DreamActor-H1 – a video generation framework for product demonstrations launched by ByteDance

What is DreamActor-H1?

DreamActor-H1 is a framework developed by ByteDance, built on the Diffusion Transformer (DiT) architecture. It enables high-quality generation of human-product demonstration videos from paired images of humans and products. By injecting reference information of both the human and the product through a masked cross-attention mechanism, the model retains identity features of the human subject and detailed product attributes (such as logos and textures).

The framework incorporates 3D human mesh templates and product bounding boxes to guide motion generation with high precision, and enhances 3D consistency using structured text encoding. Trained on a large-scale hybrid dataset, DreamActor-H1 significantly outperforms existing methods and is particularly suited for personalized e-commerce advertising and interactive media applications.

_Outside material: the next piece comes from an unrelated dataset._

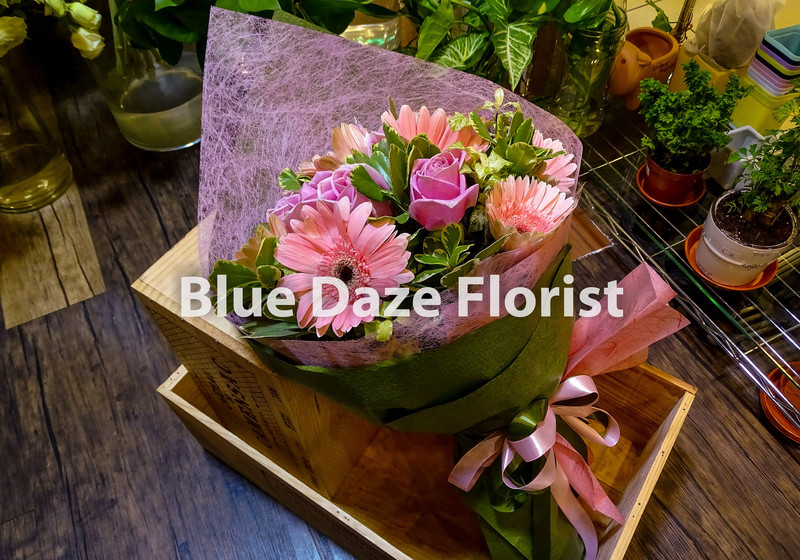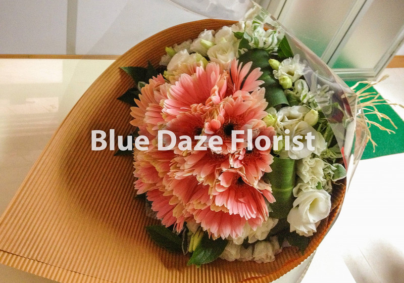 "10支瑪利亞玫瑰,10粉紅色非洲太陽菊,配搭合時襯花和葉"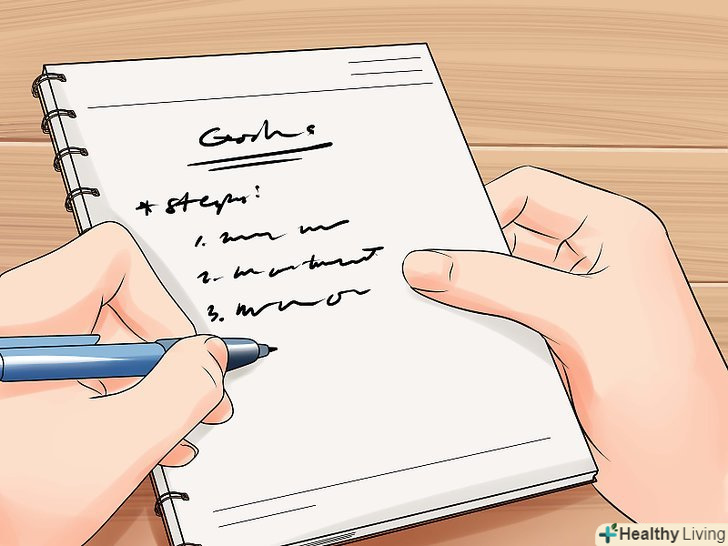 Ставте перед собою короткострокові цілі.розділяючи цілі на невеликі кроки, ви підвищите ймовірність їх досягнення. Досягнення короткострокових цілей допоможе вам зберігати мотивацію на шляху до підкорення довгострокових цілей. [7].- Випишіть короткострокові цілі в щоденник. Використовуйте щоденник, щоб нести відповідальність за досягнення короткострокових цілей.

Key Features of DreamActor-H1

High-Fidelity Video Generation: Generates realistic and high-quality demonstration videos from paired human and product images.
Identity Preservation: Maintains the identity of the human subject and preserves fine product details (e.g., logos, textures) throughout the generation process.
Natural Motion Generation: Utilizes 3D human mesh templates and product bounding boxes to guide natural and accurate hand-product interaction movements.
Semantic Enhancement: Enhances visual quality and 3D consistency—especially under minor viewpoint changes—using structured text encoding.
Personalized Applications: Supports diverse human and product inputs, enabling customized applications in e-commerce and interactive media.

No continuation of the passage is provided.